SUPPLIED DATA:
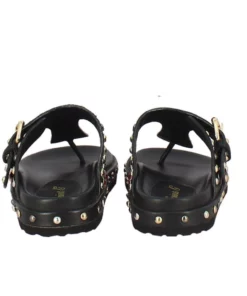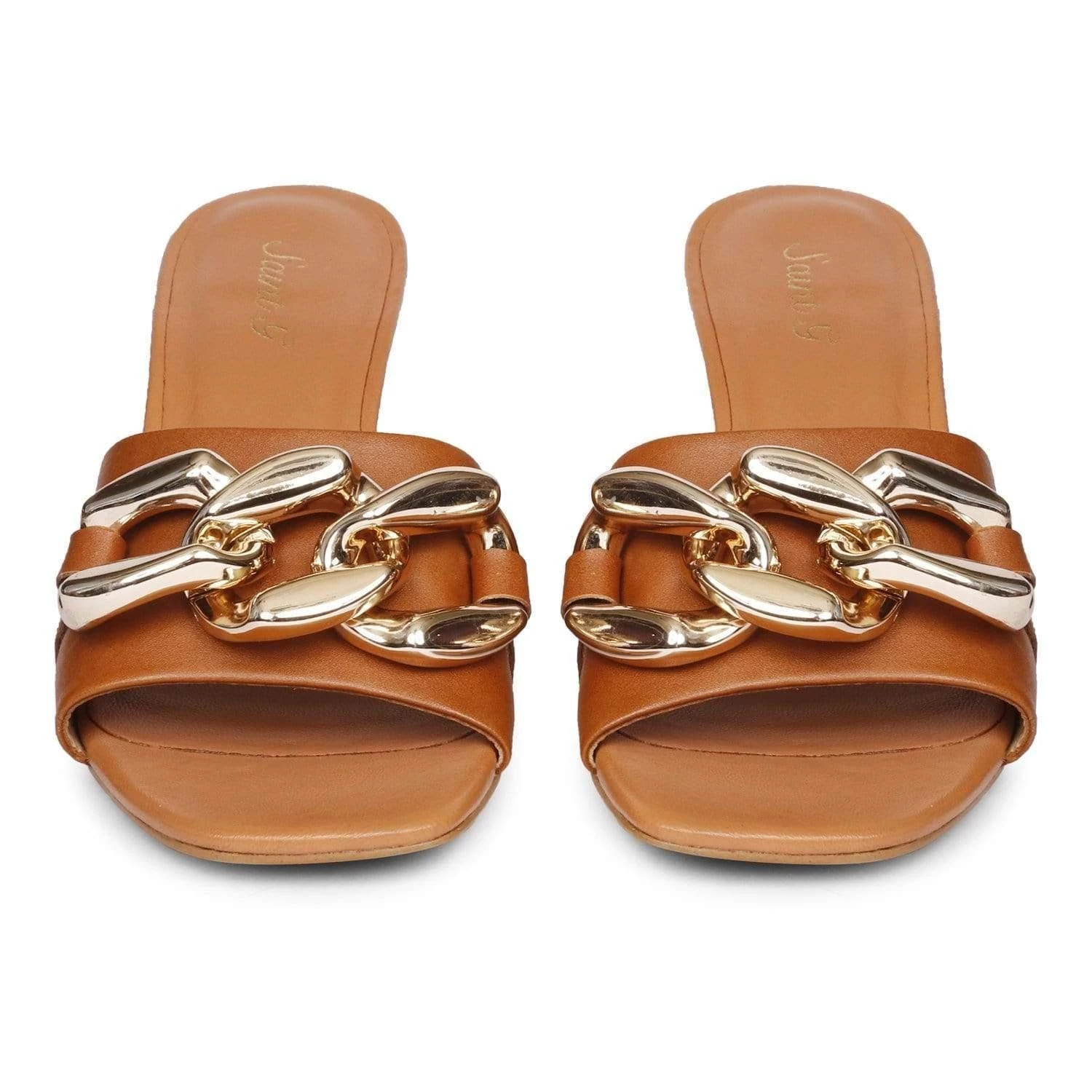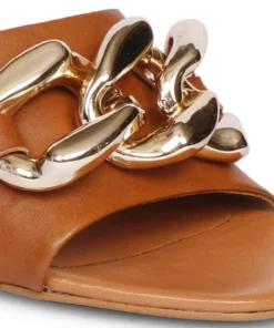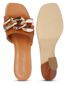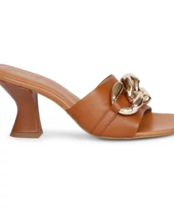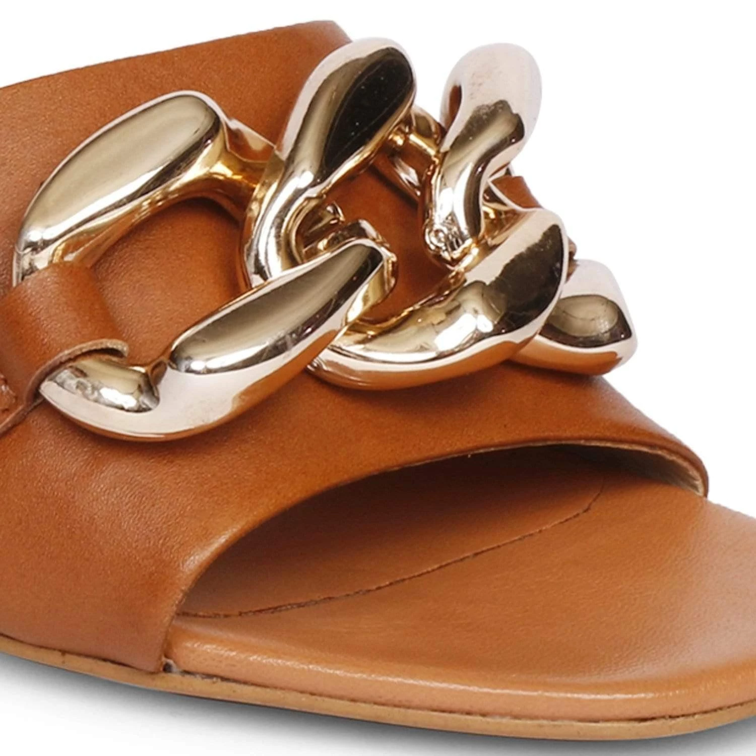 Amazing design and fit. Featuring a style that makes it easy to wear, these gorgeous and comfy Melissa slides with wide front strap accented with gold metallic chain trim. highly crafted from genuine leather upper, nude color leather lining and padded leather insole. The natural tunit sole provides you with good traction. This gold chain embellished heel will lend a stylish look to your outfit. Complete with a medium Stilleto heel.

--

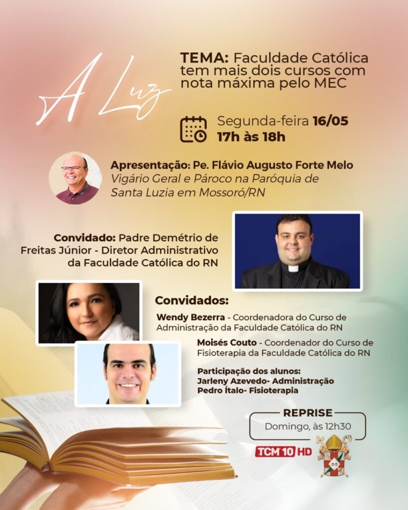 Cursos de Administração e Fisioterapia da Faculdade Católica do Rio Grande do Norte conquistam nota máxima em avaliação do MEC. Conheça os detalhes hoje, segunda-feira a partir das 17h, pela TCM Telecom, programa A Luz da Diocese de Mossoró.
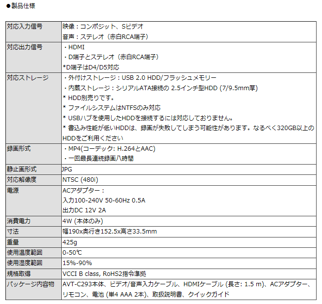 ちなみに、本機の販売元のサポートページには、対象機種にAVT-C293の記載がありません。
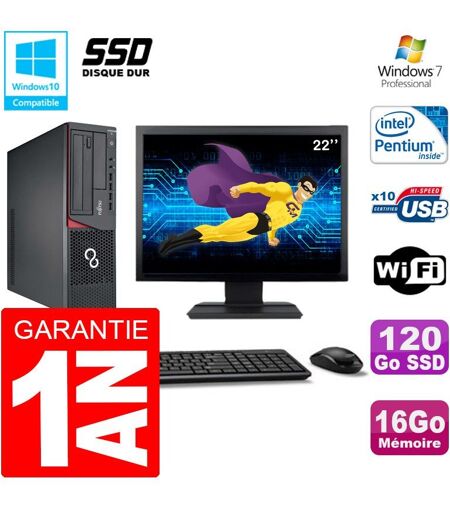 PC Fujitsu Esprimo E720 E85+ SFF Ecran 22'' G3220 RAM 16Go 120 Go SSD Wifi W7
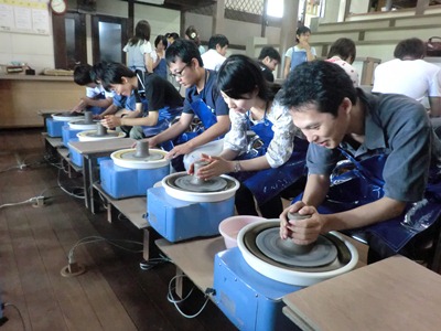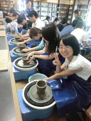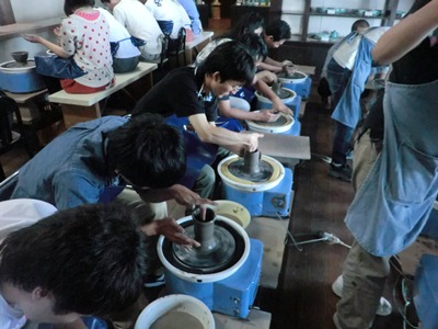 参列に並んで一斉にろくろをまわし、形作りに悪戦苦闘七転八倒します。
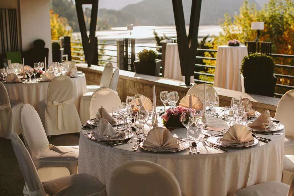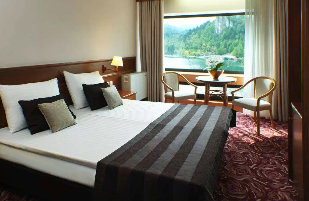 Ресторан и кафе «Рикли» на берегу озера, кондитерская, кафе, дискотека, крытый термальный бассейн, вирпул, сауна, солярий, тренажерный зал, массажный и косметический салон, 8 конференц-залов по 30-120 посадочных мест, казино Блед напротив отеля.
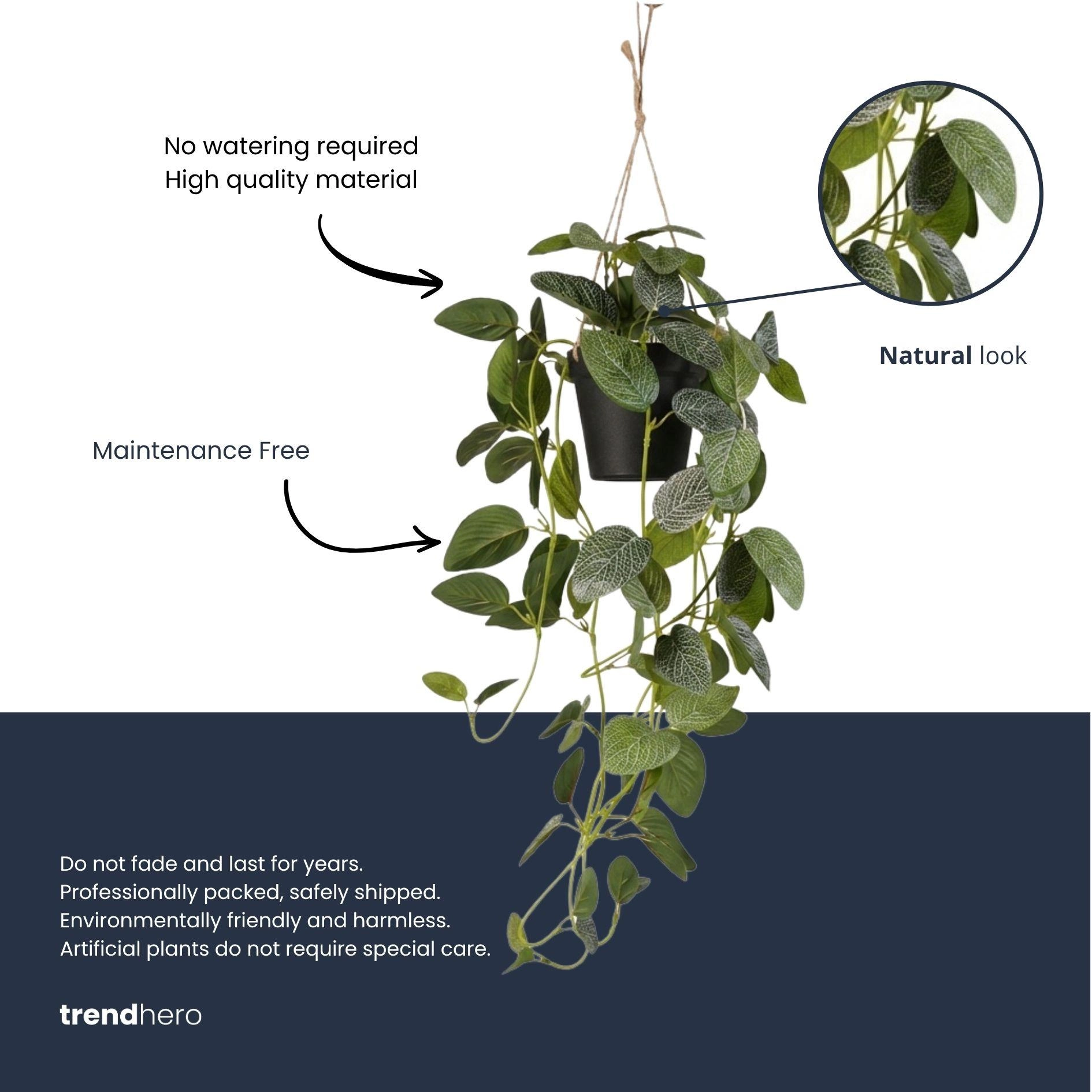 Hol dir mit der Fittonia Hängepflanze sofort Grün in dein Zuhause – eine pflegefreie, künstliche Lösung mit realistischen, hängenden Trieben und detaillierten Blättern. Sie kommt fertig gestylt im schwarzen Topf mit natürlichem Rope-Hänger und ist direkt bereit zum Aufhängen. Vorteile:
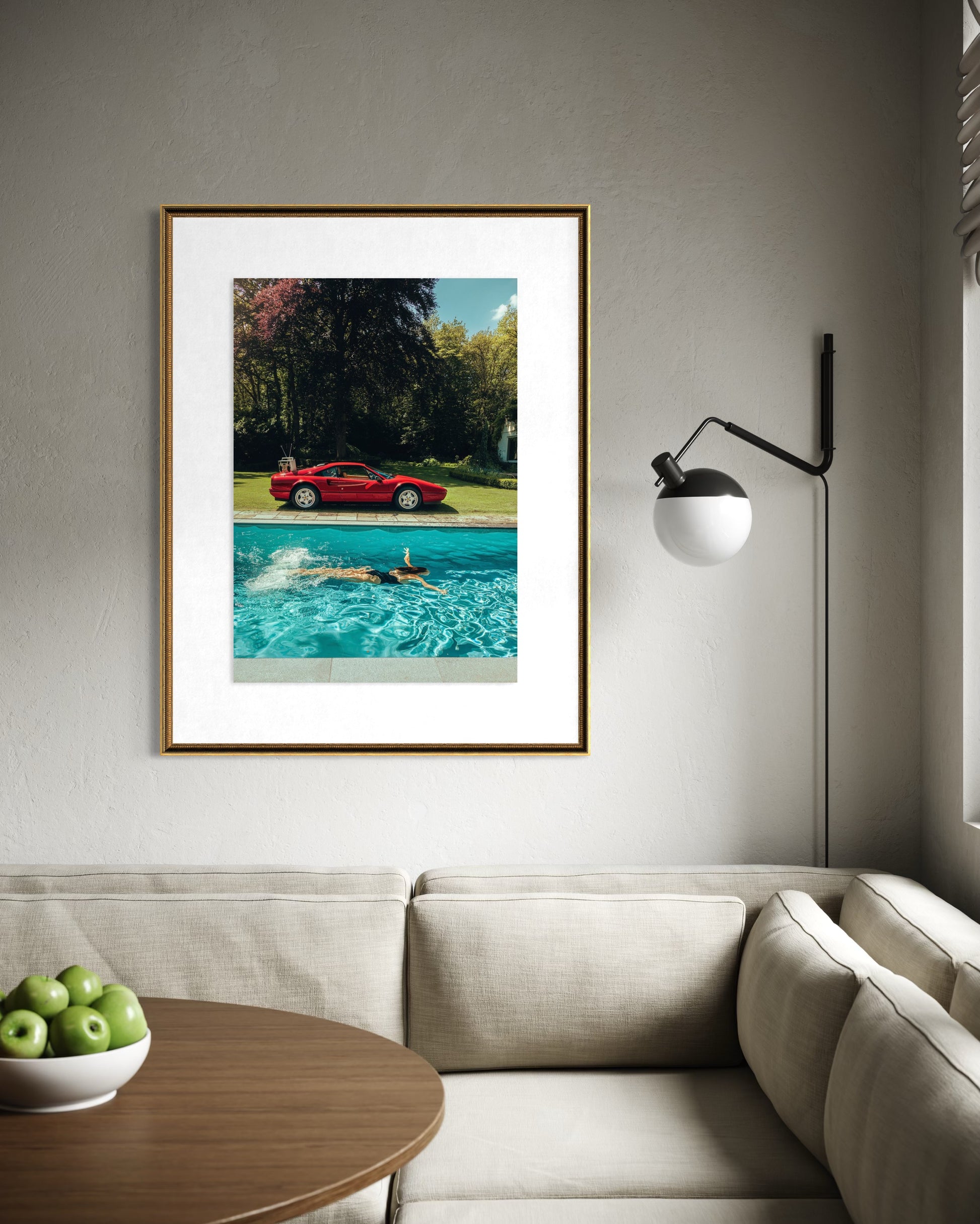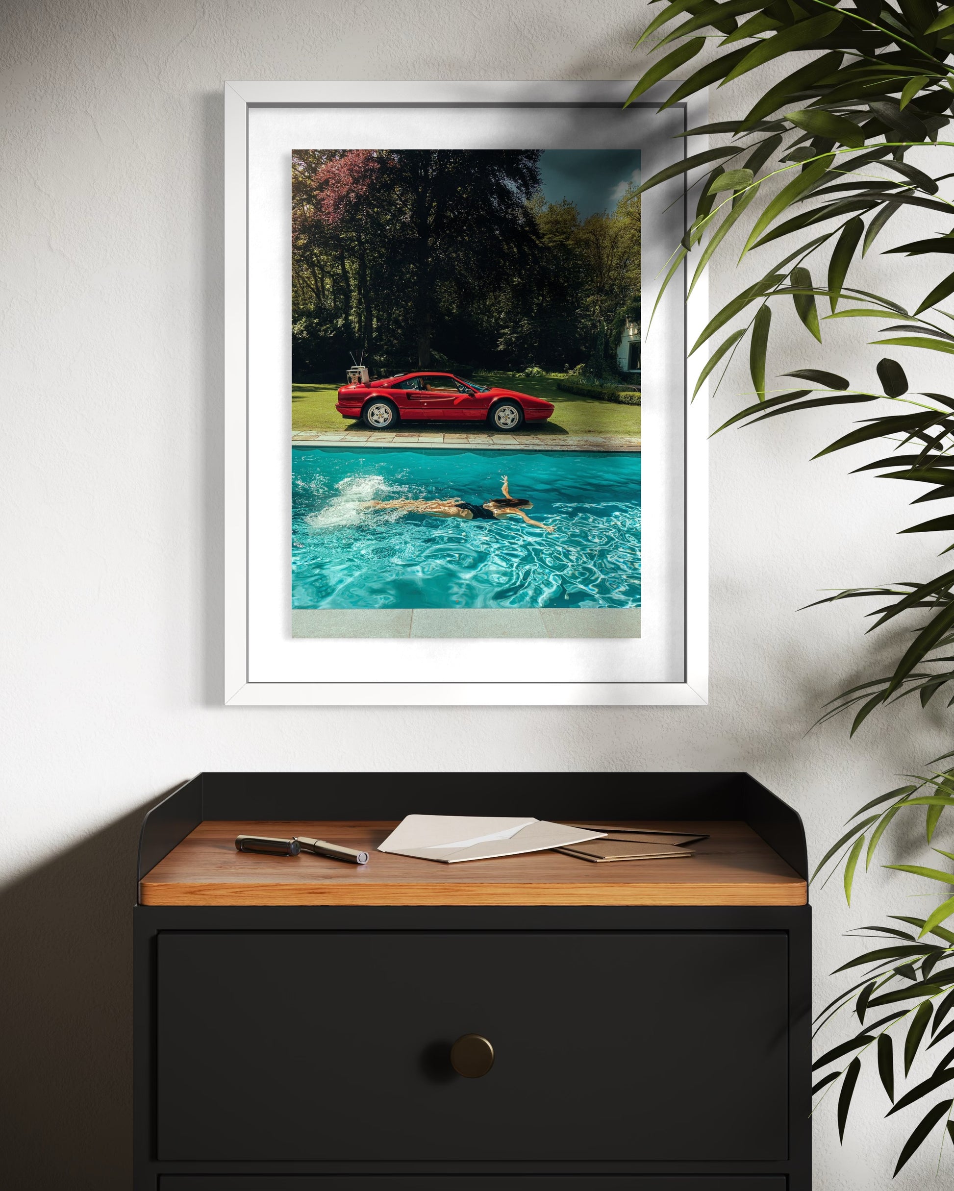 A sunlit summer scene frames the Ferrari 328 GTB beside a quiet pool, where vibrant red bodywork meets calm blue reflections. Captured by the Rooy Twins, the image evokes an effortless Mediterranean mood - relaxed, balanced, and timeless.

TASK DESCRIPTION: A verbatim reproduction is expected: starting at the line above that has "参列に並んで一斉にろくろをまわし、形作りに悪戦苦闘七転八倒します。", ending at the line that has "A sunlit summer", both included, and with no pictures and no other lines.

WRITTEN RESPONSE:
 参列に並んで一斉にろくろをまわし、形作りに悪戦苦闘七転八倒します。
 Ресторан и кафе «Рикли» на берегу озера, кондитерская, кафе, дискотека, крытый термальный бассейн, вирпул, сауна, солярий, тренажерный зал, массажный и косметический салон, 8 конференц-залов по 30-120 посадочных мест, казино Блед напротив отеля.
 Hol dir mit der Fittonia Hängepflanze sofort Grün in dein Zuhause – eine pflegefreie, künstliche Lösung mit realistischen, hängenden Trieben und detaillierten Blättern. Sie kommt fertig gestylt im schwarzen Topf mit natürlichem Rope-Hänger und ist direkt bereit zum Aufhängen. Vorteile:
 A sunlit summer scene frames the Ferrari 328 GTB beside a quiet pool, where vibrant red bodywork meets calm blue reflections. Captured by the Rooy Twins, the image evokes an effortless Mediterranean mood - relaxed, balanced, and timeless.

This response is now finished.